**What you need to do:**
Every entry below needs to be printed again exactly, with its pictures left out.

**Material supplied:**
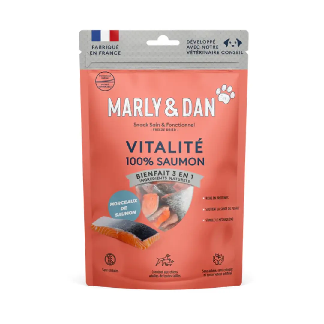 Délicieux snack naturel et nutritif de la marque Marly & Dan, composé uniquement de saumon lyophilisé. Le séchage par lyophilisation permet de préserver la qualité des éléments nutritifs actifs (vitamines, minéraux, lipides) de la matière première.
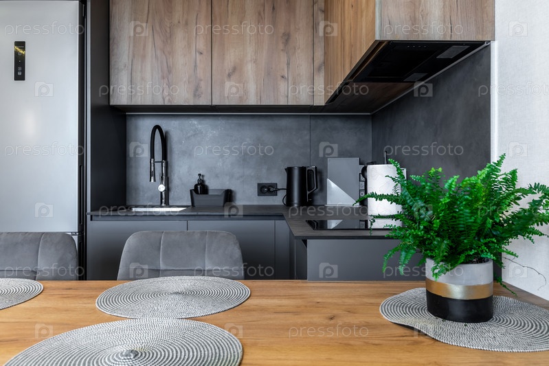 Современная кухня с матовыми шкафами и деревянными акцентами
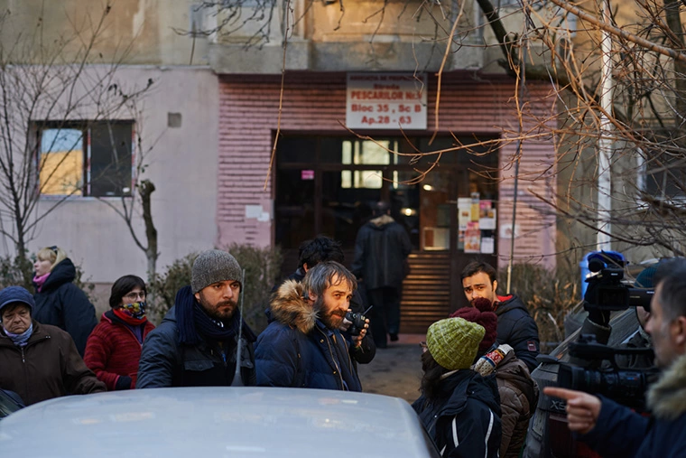 Pentru că atunci când vine cinematografia vine prăpădul, distruge echipa tot. E nasol cu echipele de filmare. De asta îi sfătuiesc pe toți oamenii care sunt întrebați dacă vor să închirieze să se gândească de două ori înainte de a spune da unei echipe de filmare. Sunt foarte mulți oameni iresponsabili. Noi când am filmat Sieranevada s-au întâmplat tot felul de chestii ciudate. Am găsit un apartament într-un bloc din zona Sebastian, din București. Dar era renovat și asta nu ne ajuta. I-am întrebat pe proprietari dacă în blocul ăla există un apartament identic, dar nerenovat. Era foarte bună distribuția camerelor pentru ce mă interesa pe mine. Avea 100 de metri pătrați, cel mai mare apartament comunist pe care l-am văzut eu. Mi-au spus că mai e la etajul al doilea, că a murit domnul Cotescu și e liber apartamentul. Am fost a doua zi să-l văd, era în weekend și ei făceau parastasul de 40 de zile pentru taică-su. Exact ca în film, unde are loc un parastas de 40 de zile. Domnul Cotescu locuia într-un apartament de patru camere, nerenovat, cu două pisici. Oana Giurgiu, care a fost producătorul executiv, mi-a spus că are sentimentul că a intrat în apartamentul lui Lăzărescu. Erau pisicile și ăla era dispărut, ca în filmul cu Lăzărescu. Multe similitudini. Domnul Cotescu era pasionat de cinema, colecționar de timbre, de tablouri, multe cărți. Puține obiecte am adus noi acolo, ca să aranjăm apartamentul. Ce a făcut scenografia a fost incredibil, apartamentul a fost reinventat, dar foarte multe dintre obiectele ce apar în film sunt ale domnului Cotescu. Am găsit două cărți poștale cu fotografii și autograf, una cu Jean Constantin și una cu Sergiu Nicolaescu. Avea un caiet cu filmele pe care le văzuse. Când am făcut contractul, ni s-a spus că dacă trăia domnul Cotescu, ne lăsa să filmăm gratis, că era cinefil. S-a ajuns și la chestii de paranoia. A fost o actriță care zicea: „Nu suntem singuri aici, se aud tot felul de chestii”.
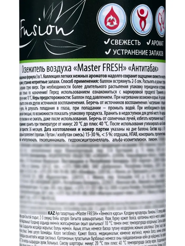 Состав: вода, углеводородный пропеллент 15-30%, отдушка 5%, нпав 5%, консерваны 5%, пропиленгликоль 5%.
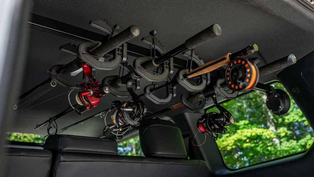 Utilizes overhead space inside the vehicle to keep rods organized and out of the way.
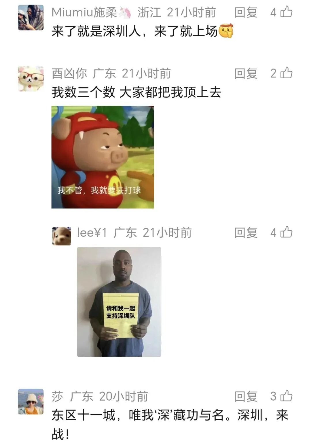 后台已经收到了近百条玩梗评论!全城网友都在为深圳队疯狂打call

**Result of the task:**
 Délicieux snack naturel et nutritif de la marque Marly & Dan, composé uniquement de saumon lyophilisé. Le séchage par lyophilisation permet de préserver la qualité des éléments nutritifs actifs (vitamines, minéraux, lipides) de la matière première.
 Современная кухня с матовыми шкафами и деревянными акцентами
 Pentru că atunci când vine cinematografia vine prăpădul, distruge echipa tot. E nasol cu echipele de filmare. De asta îi sfătuiesc pe toți oamenii care sunt întrebați dacă vor să închirieze să se gândească de două ori înainte de a spune da unei echipe de filmare. Sunt foarte mulți oameni iresponsabili. Noi când am filmat Sieranevada s-au întâmplat tot felul de chestii ciudate. Am găsit un apartament într-un bloc din zona Sebastian, din București. Dar era renovat și asta nu ne ajuta. I-am întrebat pe proprietari dacă în blocul ăla există un apartament identic, dar nerenovat. Era foarte bună distribuția camerelor pentru ce mă interesa pe mine. Avea 100 de metri pătrați, cel mai mare apartament comunist pe care l-am văzut eu. Mi-au spus că mai e la etajul al doilea, că a murit domnul Cotescu și e liber apartamentul. Am fost a doua zi să-l văd, era în weekend și ei făceau parastasul de 40 de zile pentru taică-su. Exact ca în film, unde are loc un parastas de 40 de zile. Domnul Cotescu locuia într-un apartament de patru camere, nerenovat, cu două pisici. Oana Giurgiu, care a fost producătorul executiv, mi-a spus că are sentimentul că a intrat în apartamentul lui Lăzărescu. Erau pisicile și ăla era dispărut, ca în filmul cu Lăzărescu. Multe similitudini. Domnul Cotescu era pasionat de cinema, colecționar de timbre, de tablouri, multe cărți. Puține obiecte am adus noi acolo, ca să aranjăm apartamentul. Ce a făcut scenografia a fost incredibil, apartamentul a fost reinventat, dar foarte multe dintre obiectele ce apar în film sunt ale domnului Cotescu. Am găsit două cărți poștale cu fotografii și autograf, una cu Jean Constantin și una cu Sergiu Nicolaescu. Avea un caiet cu filmele pe care le văzuse. Când am făcut contractul, ni s-a spus că dacă trăia domnul Cotescu, ne lăsa să filmăm gratis, că era cinefil. S-a ajuns și la chestii de paranoia. A fost o actriță care zicea: „Nu suntem singuri aici, se aud tot felul de chestii”.
 Состав: вода, углеводородный пропеллент 15-30%, отдушка 5%, нпав 5%, консерваны 5%, пропиленгликоль 5%.
 Utilizes overhead space inside the vehicle to keep rods organized and out of the way.
 后台已经收到了近百条玩梗评论!全城网友都在为深圳队疯狂打call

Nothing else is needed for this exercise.